This is the first of a series on the myths of the energy transition. We contrast myth with reality, and cast light on the merchants of doubt.
Myth 1. Renewable energy sources are too small to impact the giant fossil fuel sector.Mythbusters
Markets are moved by growth not size. Investors react as growth slows, not when sales have already halved. Markets therefore look for peaks and the end of incumbent growth.
The rule of 3%. Any fast growing challenger will rapidly take all the growth in a slow growing market. As a rule of thumb, incumbent sales will peak when the challenger gets to around 3% market share.
Other energy transitions were similar. US horse numbers peaked when cars were 3% of their size. UK steam demand peaked when electricity was 3% of power supply. UK gas lighting demand peaked when electricity was 2% of lighting.
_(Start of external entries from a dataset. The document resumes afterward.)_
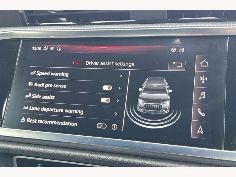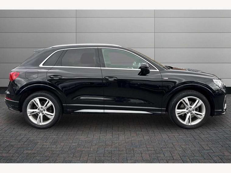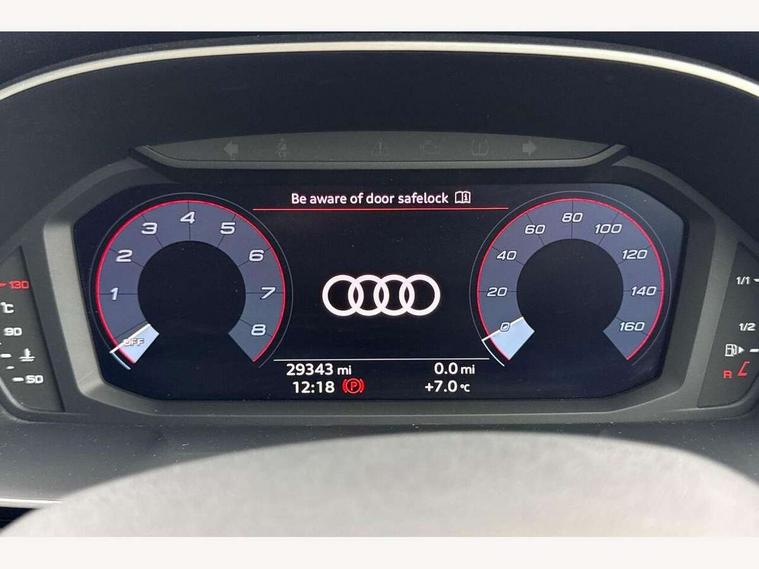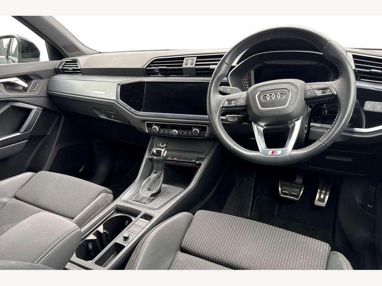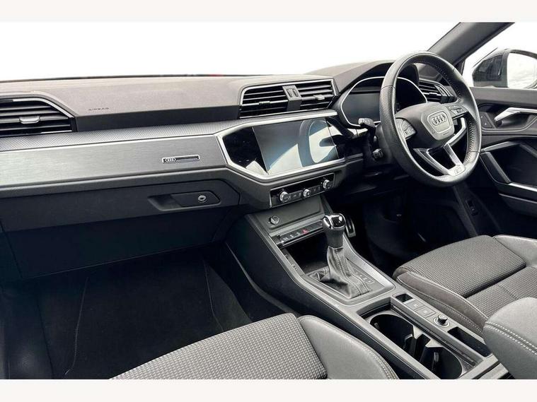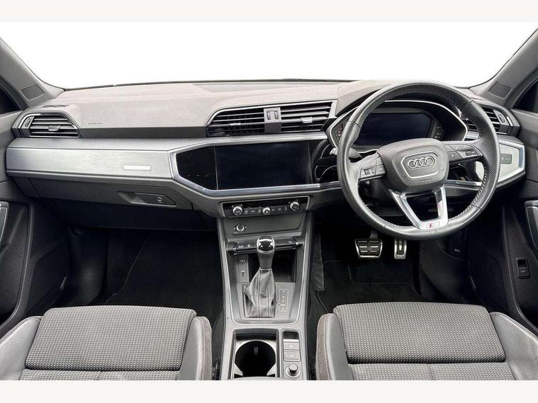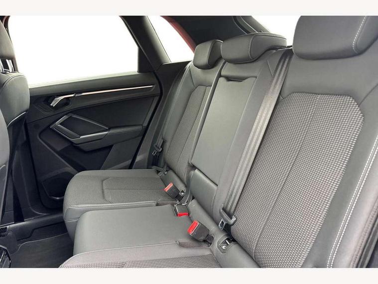 Audi connect safety and service (e-call), Audi drive select, Audi lane departure warning, Audi side assist, Audi smartphone interface includes wireless Apple carplay/Android Auto, Audi Virtual Cockpit - 10.25" display, Bluetooth interface, Camera based traffic sign recognition, MMI Navigation Plus with high resolution 10.1 inch touchscreen colour display, Power operated tailgate, Progressive steering, Service interval indicator, Start stop system with recuperation, Voice control system with natural language interaction, 48V Mild hybrid technology, Sports suspension, 1 x USB type C and 1 USB type A charging points, 6 passive loudspeakers, DAB digital radio module, Acoustic windscreen, Aluminium roof rails, Aluminium window trim, Auto dimming frameless rear view mirror, Body coloured bumpers, Electrically folding, adjustable and heated door mirrors with integrated LED side indicators and kerb view function for passenger side, Front and rear electric windows, Front fog lights, Front side air inlets in matt platinum grey, Front spoiler blade in matt platinum grey, Grille vertical bars in aluminium silver/Matt, High gloss black finish B and C pillars, LED headlights with LED daytime running lights and dynamic rear indicator, LED rear lights, Privacy glass dark tinted rear and rear-side windows (from B-pillar backwards), Rain and light sensors, Rear diffuser strip in matt titanium black, S line badges on front wings, S Line front and rear bumpers, Side skirt insert in matt Platinium grey, Silver chrome grille surround, Titanium black radiator grille, 12V socket in rear centre console, 40:20:40 folding with manual adjustment for 60:40 forwards/backwards position and backrest angle, Adjustable rear seat bench/backrest with centre armrest and cupholder, Black cloth headlining, Dual zone electronic climate control, Front and rear black floor mats with contrast stitching in rock grey, Front and rear headrests, Front and rear roof module including reading lights, Front centre armrest, Glove compartment lighting, Height and reach adjustable steering wheel, Illuminated door sill trims with S logo, ISOFIX child seat mounting for front passenger with airbag deactivation and outer rear seat including top tether attachment point for outer rear seats, Luggage compartment light, Manual front seats with height adjustment, Perforated leather gearknob, Stainless steel luggage compartment sill finisher, Stainless steel pedals, Tool kit, Non smoking pack - Q3, 3x3 point rear seatbelts, 6 airbags - Driver, front passenger, curtain and side windows, Electrically operated child locks on rear doors, Electromechanical parking brake, Electronic stabilisation control including ABS, ASR and EDL, Hill descent control, Hill hold assist, Pre sense basic, Seatbelt monitoring, Tyre pressure warning, Warning triangle and first aid kit, Anti theft alarm, Anti theft wheel bolts, Audi pre-sense front with pedestrain and cyclist recognition, Remote central locking, Dark matt brushed aluminium inlay, Leatherette door armrest, MMI touch colour display in glass look, black with surround in aluminium look, Tyre repair kit,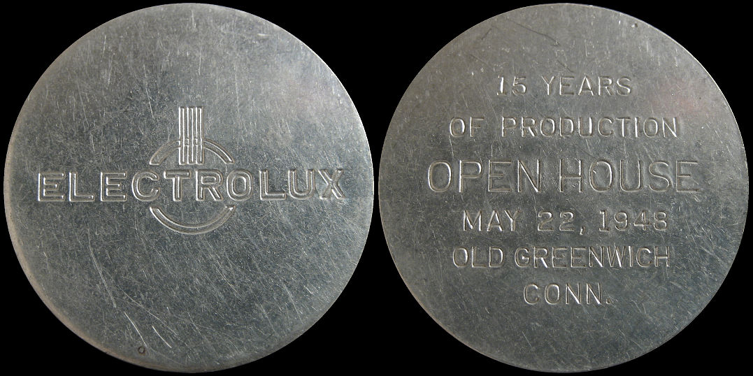 353) 15th anniversary of "Electrolux". "15 Years Of Production Open House May 22, 1948 Old Greenwich Conn.". Everything is incused. Very Rare. Aluminum, 38.6mm. |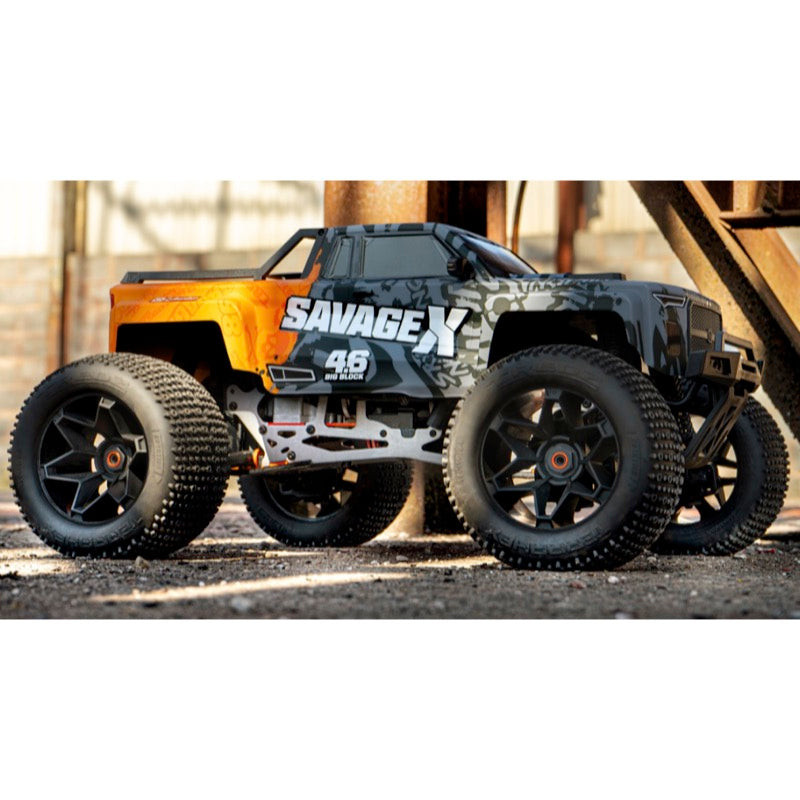 From the new Super HD Drivetrain, to the Bulletproof 29/9T Differentials, to the new Rugged Bumpers, every inch of the Savage X 4.6 GT-6 is built to survive and dominate. With beefy suspension arms, ready to take the punishment of big-air drops while everything within is protected by the reinforced thick aluminum TVP (Twin Vertical Plate) chassis, emblazoned with the notorious 'X' emblem.

The impact is now. Renewable energy is already damaging the more exposed parts of the fossil fuel system. The European electricity sector has written off $150bn of stranded assets since 2008, Peabody filed for bankruptcy in 2016 when coal demand was 4% below its peak, and GE has lost half its capitalisation in the last year.
It is normal for markets to react at the peak. The share price of Nokia peaked just after the launch of the iPhone, and Kodak’s share price peaked when digital cameras had a market share of just 3%.
Renewables are fast-growing disruptive technologies that have reached critical mass and are transforming the global energy system. Investors in incumbent energy companies are at risk.